The Descriptive Photograph: Illusion and Fact
I wrote my MFA Thesis on descriptive photography, or as Walker Evans aptly put it the “documentary style”. That was 1989, and although photography has since gone through an evolution I still hold to those arguments. The thesis began with a quote by Garry Winogrand that is as useful today for documentary based photographers as it was in 1974 when he said:
“A still photograph is the illusion of a literal description, of how a camera saw a piece of time and space… I like to think of photographing as a two-way act of respect. Respect for the medium by letting it do what it does best, describe. And respect for the subject by describing it as it is.

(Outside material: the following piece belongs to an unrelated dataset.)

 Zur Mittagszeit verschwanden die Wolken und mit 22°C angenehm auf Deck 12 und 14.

A photograph must be responsible to both.” Aperture, 112 (Millerton, New York: 1988), p. 53.
One of Walker Evan’s photographs from Let Us Now Praise Famous Men punctuates the way of working Winogrand articulated. The Evans photograph I wrote about is, perhaps a lesser known example, Kitchen Wall, Alabama Farmstead, Hale County Alabama 1936, but it is one that I believe is an elegant expression of Evans’ vision.

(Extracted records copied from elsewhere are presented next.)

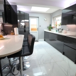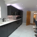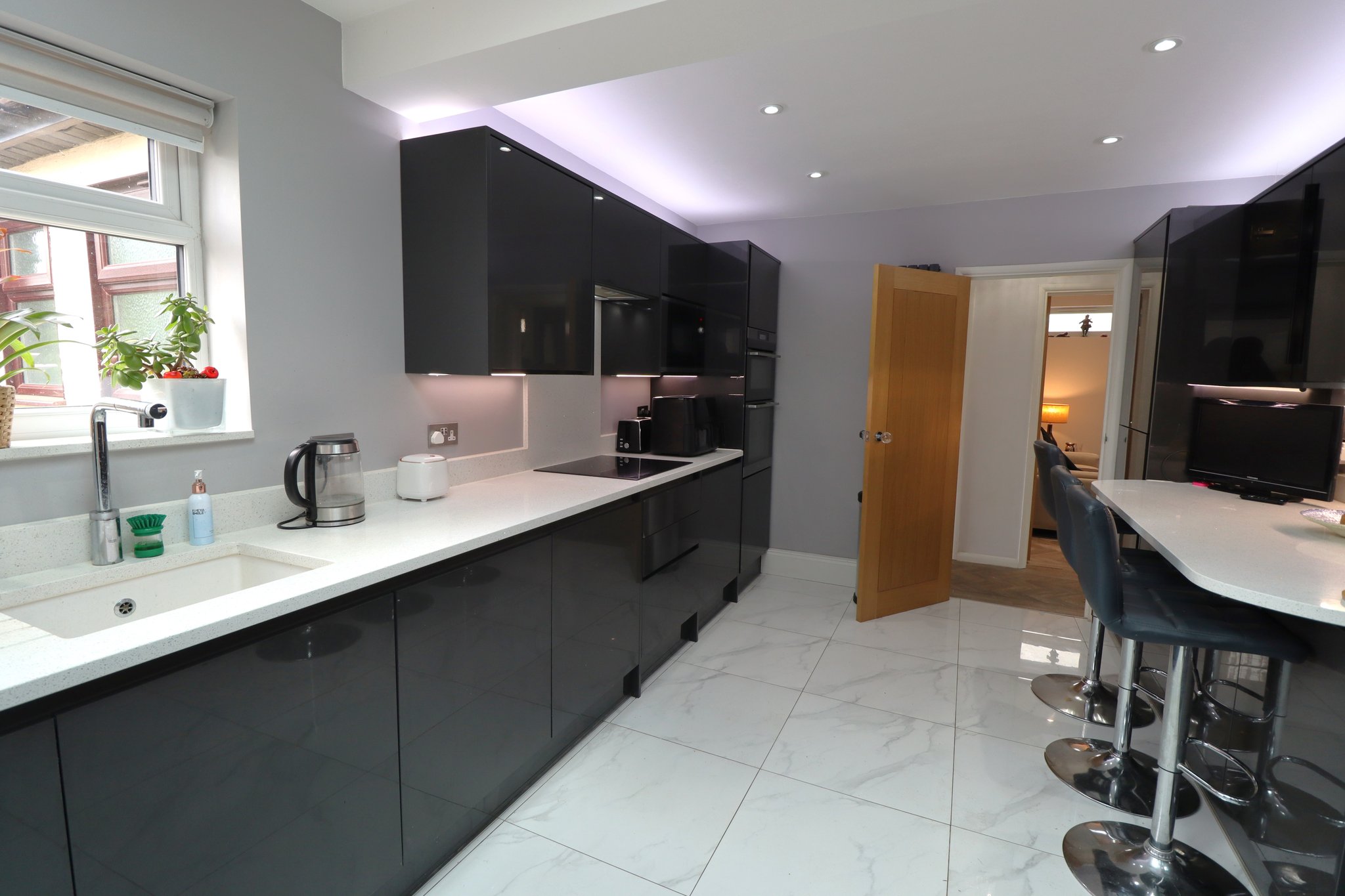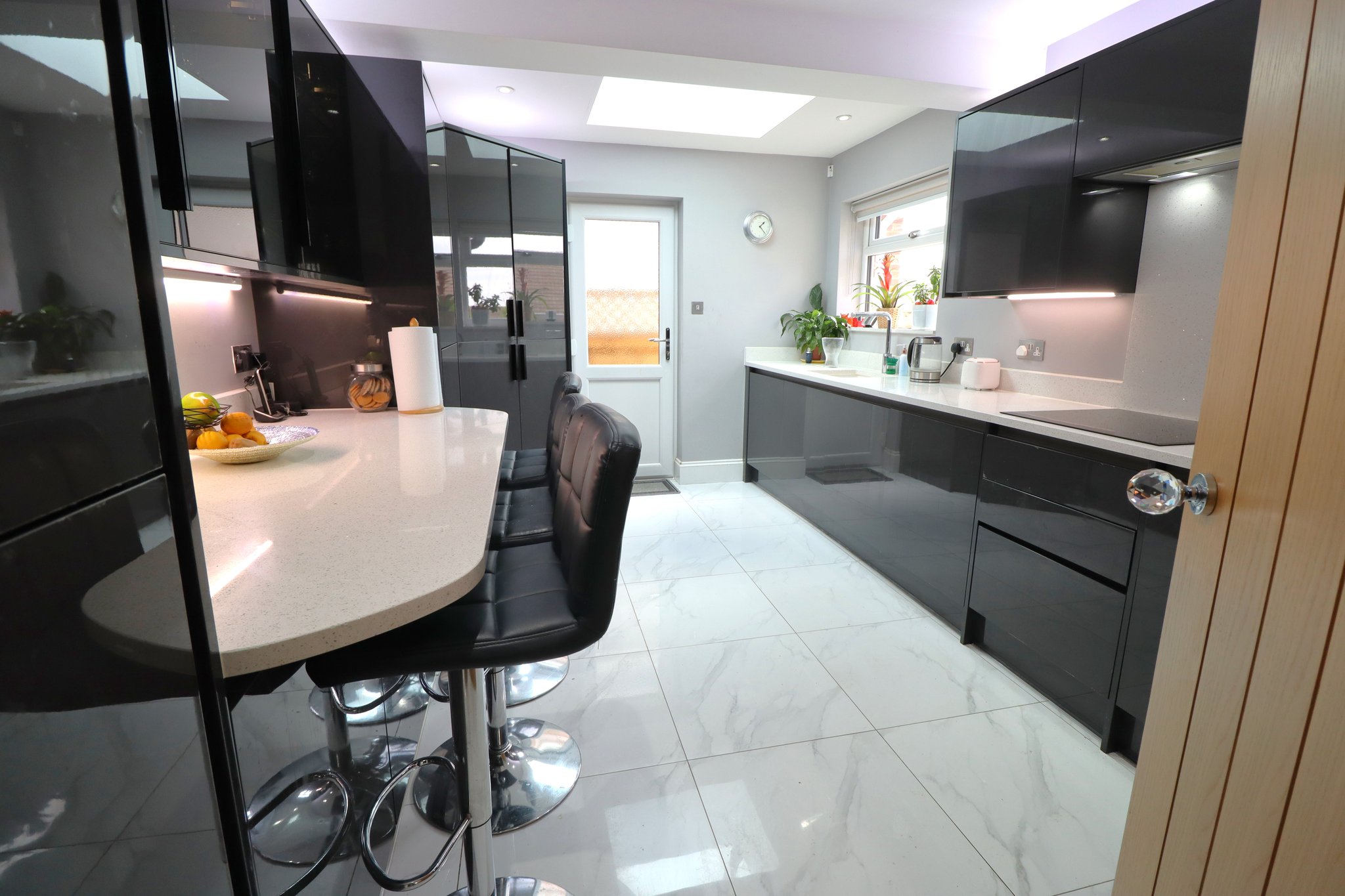 14' 5" x 10' 2" (4.39m x 3.10m) UPVC double glazed window to front aspect. Feature double glazed roof latern. Obsure glass double glazed side door to garden and front access. Smooth lastered cieling with inset LED spotlighting throughout. Contemporary kitchen comprising with a range of wall mounted and base level handeless gloss kitchen cabinet units and drawers and feature smoked glass display cabinets. Quartz worktops including an enlarged breakfast bar area with storage cupboards beneath. Ceramic sink with mixer tap/hot tap over. Four ring AEG induction hob. Integral AEG oven & grill and integral Bosch microwave. Integral full height fridge and full height freezer. Built in larder. Integral dishwasher and integral washer/dryer. Marble effect porcelian tiled floor throughout.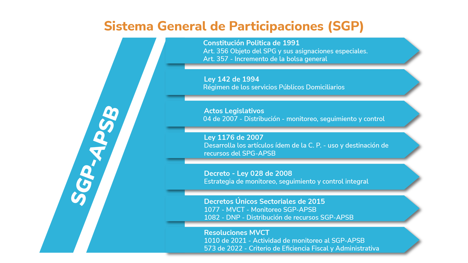 A continuación encontrara la evolución de la normatividad del Grupo de Monitoreo del Sistema General de Participaciones de Agua Potable y Saneamiento Básico. Monitoreo a los recursos del SGP-APSB Documento Adjunto Ley 1977 de 2019 Resolución 0098 de 2019 Ley 1176 de 2007 Decreto Ley 028 de 2008 Decreto 1077 de 2015 Resolución 1010 de 2021 Resolución 0573 de 2022 Modificado el Lun, 13/04/2026 - 13:39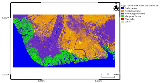 The development of a spatiotemporal map of mangrove cover for Nigeria could be valuable as it would form a baseline for mangrove conservation and restoration. Mangrove extent in the Niger Delta has been estimated by James et al. (2007) and Fatoyinbo and Simard (2013), both using an unsupervised classification ISODATA method to estimate mangrove area from Landsat Enhanced Thematic Mapper Plus (ETM+) [,]. These studies show the ability of remote sensing options in estimating mangrove area without the need for training data. However, the use of ground truth data and fused radar/optical data has not been explored in the estimation and change detection of coastal vegetation in the Niger Delta.

“Evans’ use of form flowed from his subject matter. His photographs (Kitchen Wall) is another example of his descriptive style… The wall and the implements, carefully placed there by their owners, speak of balance and delicacy that reflects their sense of beauty. It is Evans’ attention to the significance of those objects and his visual response that reveals essential form.” Cialdella 1989.

…The importance of Evans’ work is that it demonstrates that photography flourishes as art when the artist explores deeply the real world while controlling the medium to communicate a personal vision.
I never tire of looking at the photographs of Walker Evans, his skill in making the ordinary extraordinary.